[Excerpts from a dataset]
= Beginning of Section =
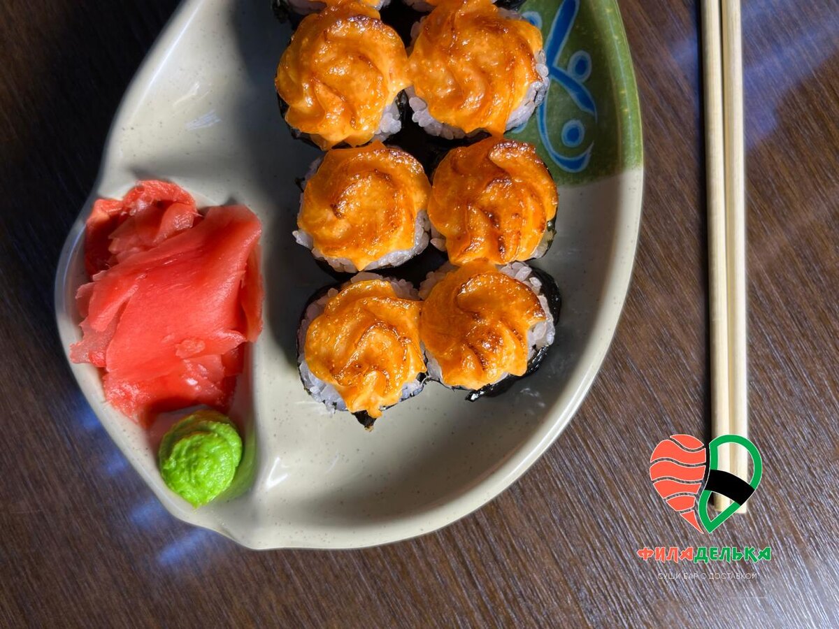 ! Красавец-ролл 😋 🔥 Что внутри? 🔥 Лосось как будто бы только что пойманный, свежий и нежно-розовый. Вокруг него нежнейший сливочный сыр, тающий во рту словно облако. А сверху… О нет, это не просто ролл! Это настоящее кулинарное шоу начинается здесь и сейчас! ✨ Майонезная шапочка – пышная, гладкая, сияющая золотистым блеском после запекания. На ней крошечными звёздочками рассыпана икра масага – каждая бусинка искрит солёностью и свежестью океана 🌊 ❤️ Почему мы любим этот ролл? ❤️ Он сочетает в себе сладость лосося, кремовую мягкость сыра и пикантную нотку запечённого майонеза с морской солью. Каждый кусочек дарит незабываемые ощущения, согревает душу и оставляет лёгкое послевкусие счастья 💖 Цена порции (4 шт.) всего лишь 260 рублей. Настоящая находка для тех, кто хочет попробовать нечто особенное за небольшие деньги! И помните: если вы вдруг увидите этот волшебный ролл у себя на тарелке – обязательно поделитесь впечатлениями с друзьями 😉
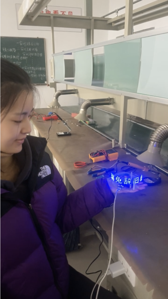 毛乔懿同学在认真地焊接、调试LED旋转显示屏主体是采用一排LED灯,通过单片机的控制来调整LED的亮灭,并且使LED灯高速旋转,采用了机械转动来替代替代扫描显示,根据视觉暂留现象,让人直观的看到汉字或图案。经过认真细心焊接和不断地调式,最终LED显示屏成功旋转360度亮了起来。太好了,只要插上电源,通过电机带动屏幕的旋转,我们就可以在屏幕上展示动态的效果啦!毛乔懿欢呼雀跃起来
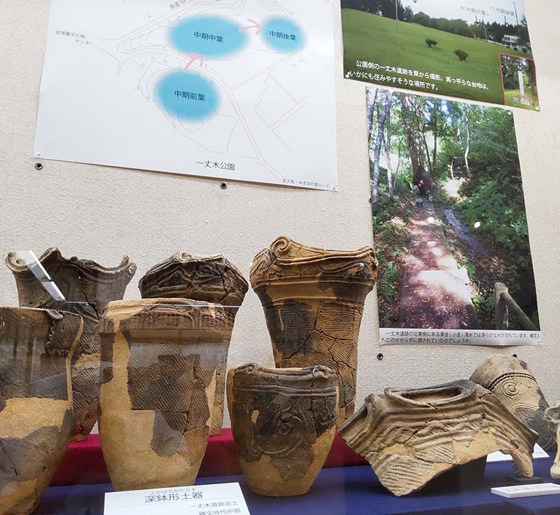 一丈木遺跡の特徴は、二つの土器の型式が混ざりあっていること。大きいものでは直径約30センチ、高さ約50センチもある深鉢で、煮炊き用。当時、県南部は「大木(だいぎ)式」が主流だが、県北の「円筒式」と混合した土器もあり興味深い。大木式はギザギザや渦、楕円(だえん)が描かれ、デザインがおしゃれ。
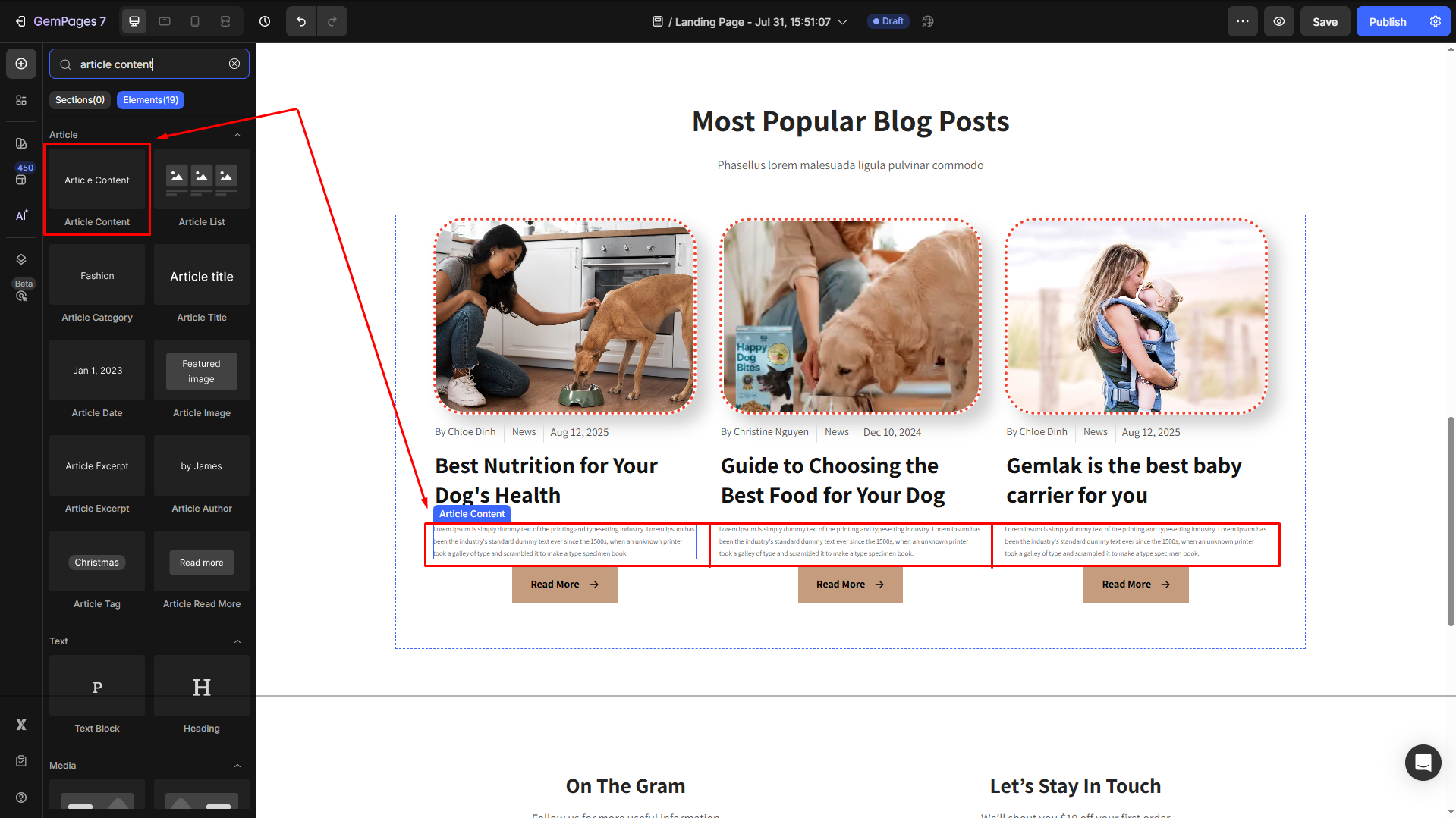Step 2: From the left sidebar, search for the Article Content Element and drag & drop it to the preferred position on your page
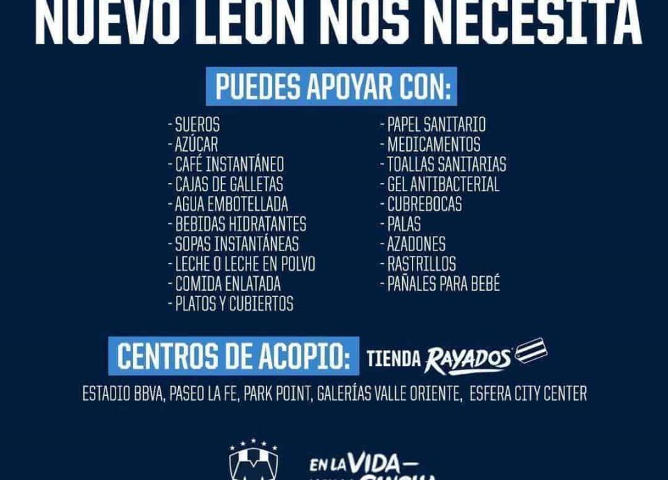 El Club de Futbol Monterrey informó en sus redes sociales el que pondrán a disposición sus Tiendas Rayados como centros de acopio.
= End of Section =
> [WHAT IS REQUIRED]: Reproduce all entries exactly. Pictures do not belong in the copy.

> [EXERCISE RESULT]:
 ! Красавец-ролл 😋 🔥 Что внутри? 🔥 Лосось как будто бы только что пойманный, свежий и нежно-розовый. Вокруг него нежнейший сливочный сыр, тающий во рту словно облако. А сверху… О нет, это не просто ролл! Это настоящее кулинарное шоу начинается здесь и сейчас! ✨ Майонезная шапочка – пышная, гладкая, сияющая золотистым блеском после запекания. На ней крошечными звёздочками рассыпана икра масага – каждая бусинка искрит солёностью и свежестью океана 🌊 ❤️ Почему мы любим этот ролл? ❤️ Он сочетает в себе сладость лосося, кремовую мягкость сыра и пикантную нотку запечённого майонеза с морской солью. Каждый кусочек дарит незабываемые ощущения, согревает душу и оставляет лёгкое послевкусие счастья 💖 Цена порции (4 шт.) всего лишь 260 рублей. Настоящая находка для тех, кто хочет попробовать нечто особенное за небольшие деньги! И помните: если вы вдруг увидите этот волшебный ролл у себя на тарелке – обязательно поделитесь впечатлениями с друзьями 😉
 毛乔懿同学在认真地焊接、调试LED旋转显示屏主体是采用一排LED灯,通过单片机的控制来调整LED的亮灭,并且使LED灯高速旋转,采用了机械转动来替代替代扫描显示,根据视觉暂留现象,让人直观的看到汉字或图案。经过认真细心焊接和不断地调式,最终LED显示屏成功旋转360度亮了起来。太好了,只要插上电源,通过电机带动屏幕的旋转,我们就可以在屏幕上展示动态的效果啦!毛乔懿欢呼雀跃起来
 一丈木遺跡の特徴は、二つの土器の型式が混ざりあっていること。大きいものでは直径約30センチ、高さ約50センチもある深鉢で、煮炊き用。当時、県南部は「大木(だいぎ)式」が主流だが、県北の「円筒式」と混合した土器もあり興味深い。大木式はギザギザや渦、楕円(だえん)が描かれ、デザインがおしゃれ。
Step 2: From the left sidebar, search for the Article Content Element and drag & drop it to the preferred position on your page
 El Club de Futbol Monterrey informó en sus redes sociales el que pondrán a disposición sus Tiendas Rayados como centros de acopio.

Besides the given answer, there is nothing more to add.